The Web was invented in 1989 by Tim Berners-Lee at CERN as a linked information system to ease storing and retrieving documents from large projects at CERN. The novel idea was using the recent implementation of a global system of interconnected computers: the Internet, expanding it into a global information system using hyperlinks.
Web 1.0 or “Read Web” was born, with producers creating static web pages and consumers being passive readers. The next natural iteration was the “Read/Write or Participative Web”, allowing the introduction of user-generated content, the rise of social media, and standard technologies such as JSON and REST to provide improved interoperability (Web 2.0).
In the meantime, a new vision was emerging, an extension from a Web of documents to a Web of data that can be processed by machines: the “Semantic Web”, also known as “Web 3.0”. Its roots are in the early days of the Web, with references already in the 90s, but officially presented in a May 2001 Scientific American article by Tim Berners-Lee, James Hendler, and Ora Lassila.
What can the Semantic Web do for me?
Imagine planning a trip to a new city, looking for hotels, and trying to find the ones closer to the city centre that allow late check-in and have breakfast included. In order to find all alternatives you might check multiple travel agencies, to not miss the best one and to check the information reported to be correct. Instead, what if the hotels themselves published data that could be directly understood by the software of online travel agencies?
Let’s say you ask your voice assistant what are the opening hours and telephone number of a new restaurant in town. As of today, search engines will try to best match your request, providing several different web pages that you need to explore in order to find your answer. If the restaurant owner publishes data using a specific and agreed-upon syntax, this could be directly made available to machines, that could present it to you in a quick fashionable way.

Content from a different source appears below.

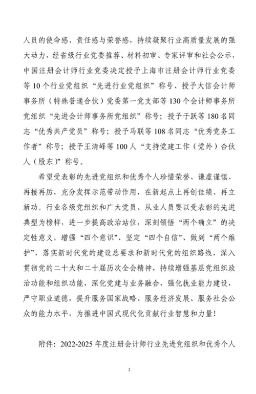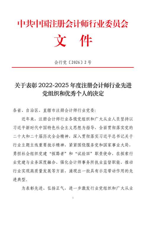 近日,收到中共中国注册会计师行业委员会文件《关于表彰2022-2025年度注册会计师行业先进党组织和优秀个人的决定》,我所主任会计师吴林海同志荣获注册会计师行业“优秀党务工作者”称号。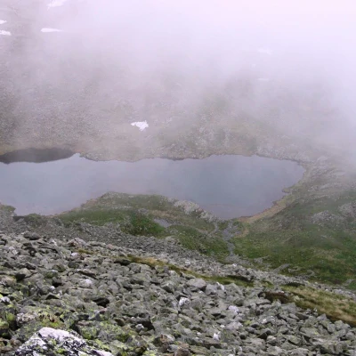 Ridiscendo questa volta per sentiero sino al L. Moro anche per prendere un pò di acqua, ritorno al passo di val Cervia e da li percorrendo la bella cresta sud del M. Toro segnata con frecce bianche, arrivo in vetta anche qui nelle nebbie.

How to write data on the Semantic Web?
In order to make distributed data understandable by machines we need to agree on a standard. The World Wide Web Consortium (W3C) is the authority in the field, setting and promoting standards for an open and equitable Web. Resource Description Framework (RDF) is the standard model to represent data on the Web:
- Everything in RDF is a resource. A resource can be a concept or a physical/object.
For example the movie “The Godfather Part I”. - Every resource is represented by a URI, a unique sequence of characters that identifies a logical or physical resource across the Web.
- RDF describes reality as statements represented by three values, called triples, in the format: “Subject – Predicate – Object”. The subject denotes the resource, and the predicate denotes traits or aspects of the resource and expresses a relationship between the subject and the object.
Let’s see this through an example!
Let’s suppose to have the triple: “The Godfather Part I – contentLocation – New York City”.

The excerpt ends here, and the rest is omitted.